WHAT NEEDS TO BE DONE: All that should be output is the block of lines below from the line with "Belle, 3 photos, cartes" to the line with "The document discusses", both included, exactly as written.

DATA FOR THIS TASK:
_ _ _ _ _ _ _

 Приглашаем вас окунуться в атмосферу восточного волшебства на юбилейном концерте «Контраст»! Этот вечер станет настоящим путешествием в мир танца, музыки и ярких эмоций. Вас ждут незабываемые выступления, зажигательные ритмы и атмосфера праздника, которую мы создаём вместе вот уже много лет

_ _ _ _ _ _ _

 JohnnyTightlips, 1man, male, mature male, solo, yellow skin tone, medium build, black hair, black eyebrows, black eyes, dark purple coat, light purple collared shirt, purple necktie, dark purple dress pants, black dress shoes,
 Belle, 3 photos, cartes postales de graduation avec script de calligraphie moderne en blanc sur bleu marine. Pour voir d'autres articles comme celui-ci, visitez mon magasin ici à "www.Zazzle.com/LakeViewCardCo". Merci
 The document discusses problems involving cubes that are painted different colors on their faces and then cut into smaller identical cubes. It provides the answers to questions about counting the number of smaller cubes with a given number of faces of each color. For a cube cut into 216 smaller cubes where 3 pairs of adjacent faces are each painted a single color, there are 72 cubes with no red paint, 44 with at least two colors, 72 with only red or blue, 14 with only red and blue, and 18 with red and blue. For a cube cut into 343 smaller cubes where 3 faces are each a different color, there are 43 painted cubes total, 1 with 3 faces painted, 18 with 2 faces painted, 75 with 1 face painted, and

_ _ _ _ _ _ _

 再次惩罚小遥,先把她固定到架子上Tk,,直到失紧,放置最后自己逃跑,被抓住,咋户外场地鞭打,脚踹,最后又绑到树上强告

_ _ _ _ _ _ _

ANSWER TO THE PROBLEM:
 Belle, 3 photos, cartes postales de graduation avec script de calligraphie moderne en blanc sur bleu marine. Pour voir d'autres articles comme celui-ci, visitez mon magasin ici à "www.Zazzle.com/LakeViewCardCo". Merci
 The document discusses problems involving cubes that are painted different colors on their faces and then cut into smaller identical cubes. It provides the answers to questions about counting the number of smaller cubes with a given number of faces of each color. For a cube cut into 216 smaller cubes where 3 pairs of adjacent faces are each painted a single color, there are 72 cubes with no red paint, 44 with at least two colors, 72 with only red or blue, 14 with only red and blue, and 18 with red and blue. For a cube cut into 343 smaller cubes where 3 faces are each a different color, there are 43 painted cubes total, 1 with 3 faces painted, 18 with 2 faces painted, 75 with 1 face painted, and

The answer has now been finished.